### Work instructions
The output should match, line for line, the records from the line containing "Fig. 6. Vepris" through the line containing "The website at", with every picture left out.

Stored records
------------------------------

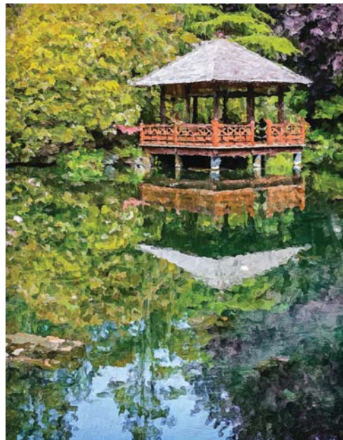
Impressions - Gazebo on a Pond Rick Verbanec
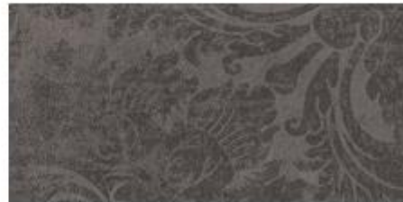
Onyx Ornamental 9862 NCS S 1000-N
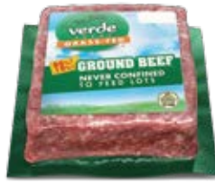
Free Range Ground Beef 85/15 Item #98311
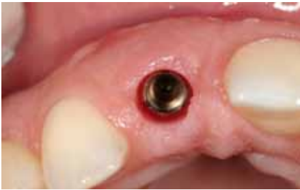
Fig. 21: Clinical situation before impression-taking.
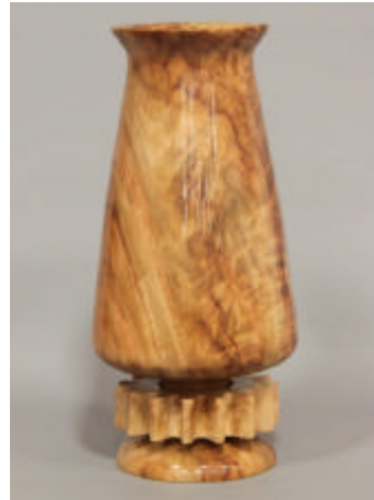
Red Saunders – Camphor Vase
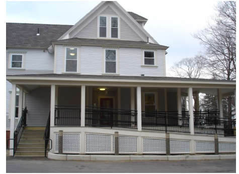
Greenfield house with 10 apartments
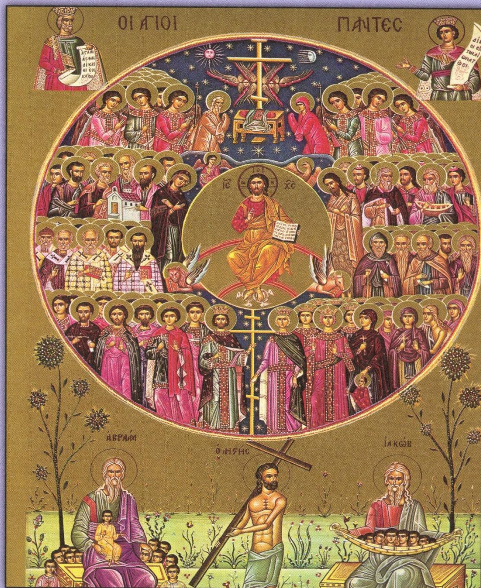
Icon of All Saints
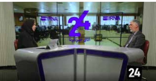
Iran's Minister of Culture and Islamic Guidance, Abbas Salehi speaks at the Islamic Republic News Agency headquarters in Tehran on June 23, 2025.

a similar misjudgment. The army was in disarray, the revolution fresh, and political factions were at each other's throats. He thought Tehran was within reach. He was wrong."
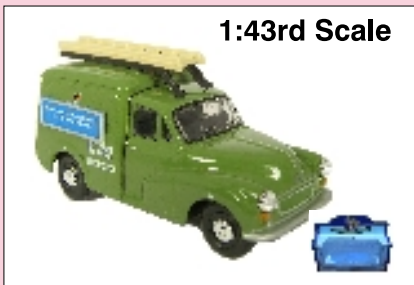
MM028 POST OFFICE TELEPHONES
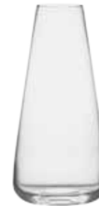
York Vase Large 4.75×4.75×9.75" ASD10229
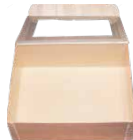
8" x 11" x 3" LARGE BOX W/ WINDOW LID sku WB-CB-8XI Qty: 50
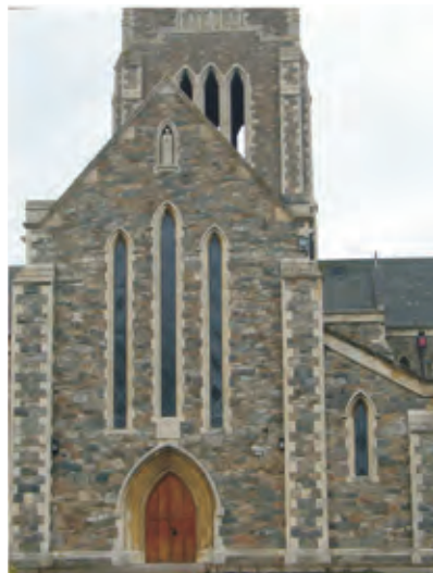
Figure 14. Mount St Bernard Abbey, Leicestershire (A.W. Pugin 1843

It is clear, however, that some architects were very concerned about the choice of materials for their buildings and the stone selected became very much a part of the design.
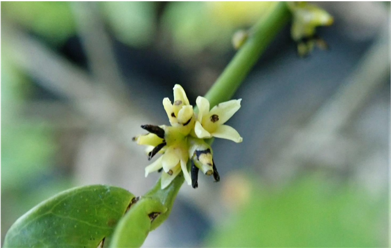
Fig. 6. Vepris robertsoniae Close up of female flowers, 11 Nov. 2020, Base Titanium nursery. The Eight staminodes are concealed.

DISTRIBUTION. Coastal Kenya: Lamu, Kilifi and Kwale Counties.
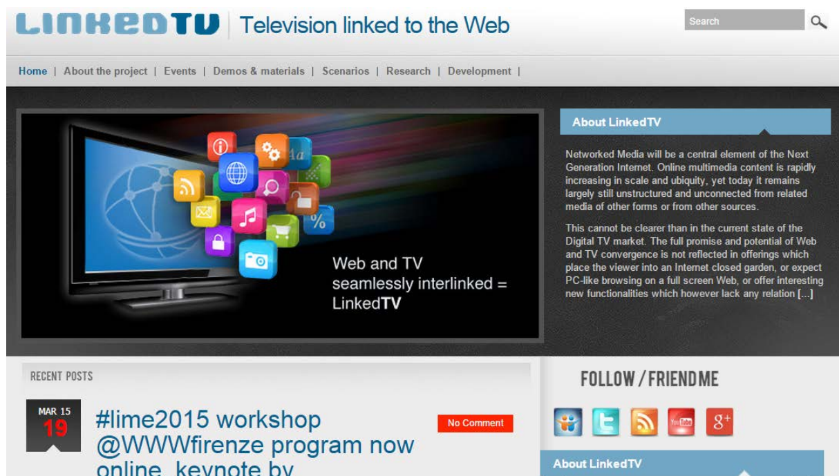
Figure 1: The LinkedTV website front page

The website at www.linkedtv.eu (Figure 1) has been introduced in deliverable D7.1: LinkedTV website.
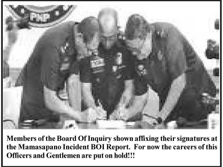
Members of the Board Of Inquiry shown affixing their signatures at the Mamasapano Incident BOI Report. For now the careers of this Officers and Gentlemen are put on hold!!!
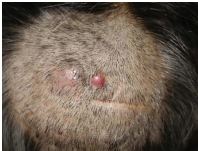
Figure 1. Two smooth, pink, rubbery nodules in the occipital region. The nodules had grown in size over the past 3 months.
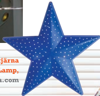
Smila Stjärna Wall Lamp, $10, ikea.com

------------------------------

### Exercise output
Fig. 6. Vepris robertsoniae Close up of female flowers, 11 Nov. 2020, Base Titanium nursery. The Eight staminodes are concealed.

DISTRIBUTION. Coastal Kenya: Lamu, Kilifi and Kwale Counties.
Figure 1: The LinkedTV website front page

The website at www.linkedtv.eu (Figure 1) has been introduced in deliverable D7.1: LinkedTV website.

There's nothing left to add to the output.